# Phragmipedium Cardinale ‘Liisa’ AM/AOS



## Erythrone (Apr 5, 2015)

Phragmipedium Cardinale ‘Liisa’ AM/AOS by Erythrone, on Flickr


----------



## John M (Apr 5, 2015)

Nice! One of the late Dr. Clements plants. Lucky you!


----------



## Erythrone (Apr 5, 2015)

I did not know Dr Clements. Can you tell me more about him, John?


----------



## tomkalina (Apr 5, 2015)

Beautiful clone; not often seen.


----------



## John M (Apr 5, 2015)

I met Dr. Clements at the Ann Arbor, Michigan judging centre. We became good friends. He was VERY kind and generous with his knowledge. Plus, he had a superb Paph and Phrag collection! His plants were constantly winning AOS awards and his name became known all througout the orchid world in North America as one of the premier growers of some of the finest Paphs and Phrags in existence, at the time. I was thrilled when I was invited to go and visit him and see his plants in the spring of (I think it was), 1990. However, just days before I was to make the long drive to his home in Illinois, I could not get hold of him to finalize some details of my trip. Finally, his son answered the phone and told me that Dr. Clements had died while working in his garden! Tom Kalina (Fox Valley) bought the collection and offered the Phrags for sale. I went to the bank and arranged for a $10K loan so that I could put in a bid and hopefully buy them; but, Leo Schordje got them. *sniff* Dr. Clements' plants were very nice, high quality and we still see his plants in collections and used for breeding today. He always said to me that before he died, he wanted to win an FCC. That was his ultimate dream. Then, at one of the last judgings he attended, he got 2 FCC's; one for a Paph armeniacum and one for a Paph. micranthum. He wrote me a very excited letter all about it. He died before he even had a chance to pay for the awards; but, the AOS covered the cost in his honour to keep the awards valid. Dr. Clements was a real orchid afficionado. I often think it's such a shame that he didn't live to see the discovery of kovachii. He would've really been thrilled to learn of such a dramatic Phrag as that in existence.


----------



## rbedard (Apr 5, 2015)

Probably my favorite pink Phrag hybrid. Very nice. Thanks for sharing.


----------



## Migrant13 (Apr 5, 2015)

Beautiful and thank you John M. for the info. on Dr. Clements.


----------



## Erythrone (Apr 5, 2015)

many thanks John. Nice tribute to Dr Clements!


----------



## Cat (Apr 5, 2015)

wow thanks for letting us know a little about Dr. Clements.


----------



## NYEric (Apr 5, 2015)

Killer plant and thanks for the story John.


----------



## Justin (Apr 5, 2015)

great story. i have a piece of that armeniacum 'Birchwood' FCC happily growing in my orchid room--via Leo. 

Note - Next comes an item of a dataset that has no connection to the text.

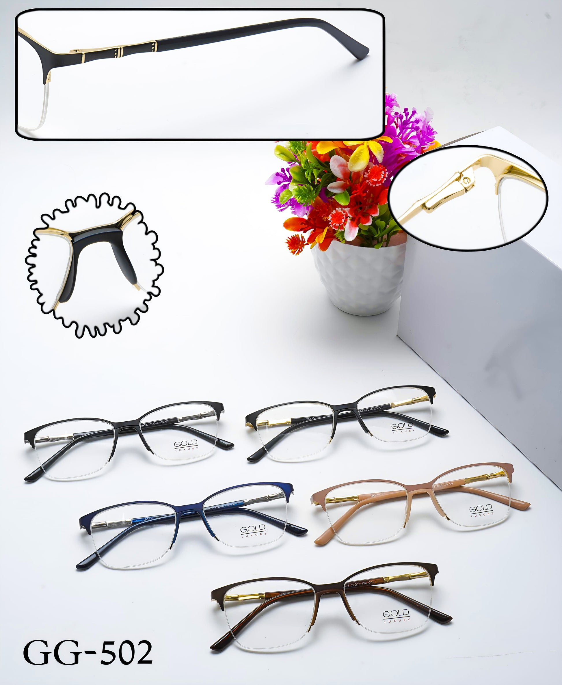 • Fixed Nose Pads: Sleek, low-maintenance design with a clean silhouette — ideal for everyday wear.
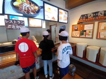ランチタイムです。あらかじめ決めておいたレストランで自由な時間に食べます。メニューはスクールメニューから選びます。

BTW very nice Phrag Cardinale.


----------



## Kawarthapine (Apr 5, 2015)

Love that Cardinale, and especially the info on Dr. Clements...

It would be an honour to own a plant, clone or sib with such valued origins.


----------



## SlipperFan (Apr 5, 2015)

Congrats -- interesting background and lovely flower.


----------



## abax (Apr 5, 2015)

This is my kind of Phrag. The soft pinks on a pristine white is my heart's desire...soooo beautiful.


----------



## JeanLux (Apr 6, 2015)

Very nice !!!! Jean


----------



## phrag guy (Apr 6, 2015)

nice one,great story


----------



## eaborne (Apr 6, 2015)

Pretty!


----------



## 17andgrowing (Apr 6, 2015)

Very nice.


----------



## Secundino (Apr 7, 2015)

Thank you for the information on Dr. Clements. I look different at my Phrags now.

edit: that plant is very charming!


----------



## wonderlen3000 (Apr 7, 2015)

It's really a great classic plant. Prob one of the best schilimii hybrid


----------



## Lmpgs (Apr 8, 2015)

Thank you for sharing your personal history! 

The Cardinale is superb


----------



## Clark (Apr 8, 2015)

Just super!


----------



## Phrag-Plus (Apr 8, 2015)

Nice one!


----------